Dr Burp : Il vous en prie.

Inisfree : Docteur, de quoi parle ce film ?

Dr Burp : Comment voulez vous que je le sache, je ne l'ai pas vu.

Inisfree : Et son auteur, Luc Moullet ?

Dr Burp : C'est un barbu. Et vous savez ce que l'on dit : « Malheur aux barbus ! ».

Inisfree : Mais encore ?

Dr Burp : Qui n'a jamais connu la bouteille de Coca ® standard de 1 l en verre avec son bouchon de métal mou aux ailettes tranchantes ne peut comprendre l'importance de ce film. Qui n'a jamais subit la frustration du pas de vis qui patine et bloque l'admirable mécanisme d'ouverture au moment de la soif la plus intense ne peut saisir l'enjeu dramatique majeur de ce film. Qui n'a jamais cherché fébrilement la pince multiprise libératrice sans la trouver ne peut appréhender le cri de rage que pousse ce film sous un humour glacé et sophistiqué (que nous apprécions tous ici).

Inisfree : Et la forme ?

Dr Burp: Le plan ! Le plan est tout. Pas de champ – contrechamp mais un champ d'expérience. Des machines improbables, le réel détourné, des dispositifs surréalistes et un suspense insoutenable : ouvrira ? Ouvrira pas ?

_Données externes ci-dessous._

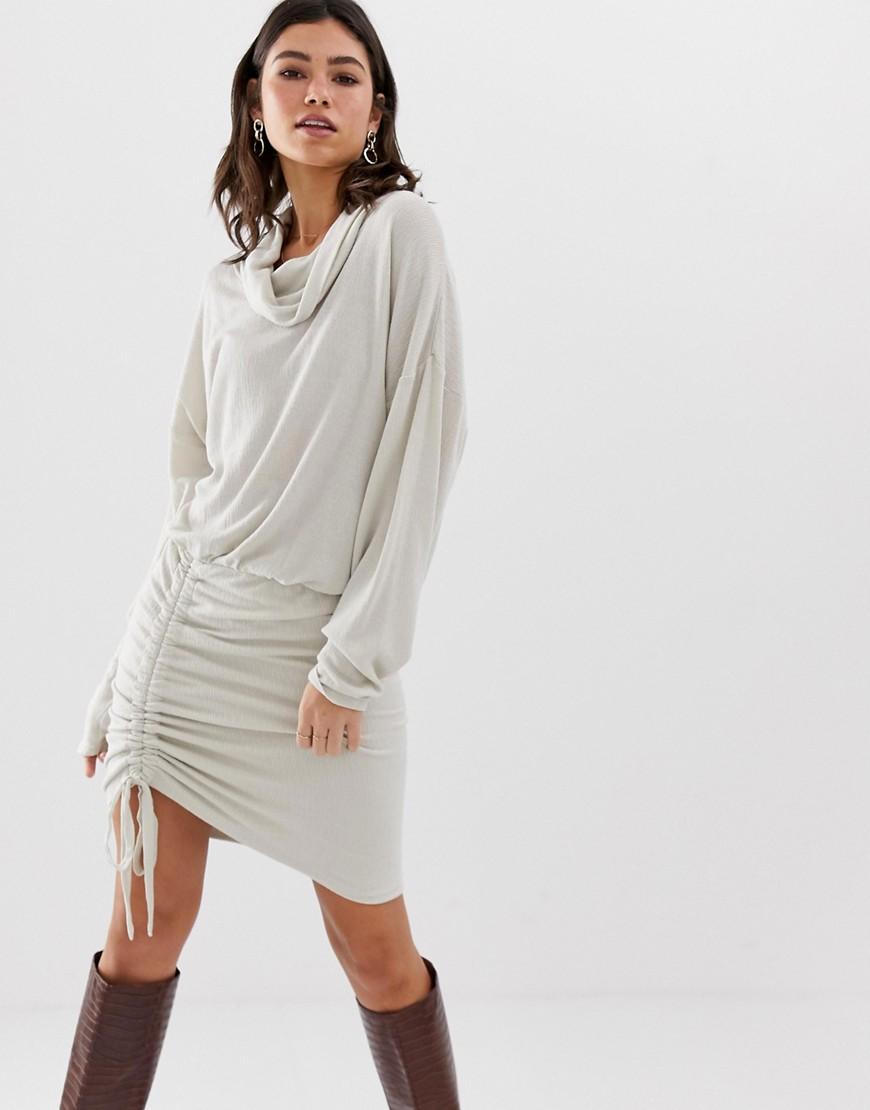 Sundown - Vestito in maglia con collo ad anello da donna di colore neutro
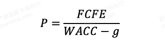 其中FCFEi代表第i期的股权自由现金流,WACC为折现率。WACC公式中的E为股本价值,re为资本要求收益率,D为负债价值,V=E+D,rd为债务成本,T为税率。与DDM模型一样,可以假设其自由现金流的增长存在固定增长率g,从而得到类似的公式:

Inisfree : Est ce un film poétique ?

Dr Burp: Ne soyez pas grossier.

Inisfree : Est-ce un film politique ?

Dr Burp : C'est le récit d'un mécanisme aliénant vaincu par l'esprit humain mais nourrissant pourtant ce même mécanisme de soumission à travers cette victoire même. La portée politique de cette oeuvre serait évidente pour un enfant de quatre ans. Alors trouvez un enfant de quatre ans parce que moi, je m'y perds.

Inisfree : Pouvez vous, en, guise de conclusion, nous situer ce film court dans la carrière de son auteur ?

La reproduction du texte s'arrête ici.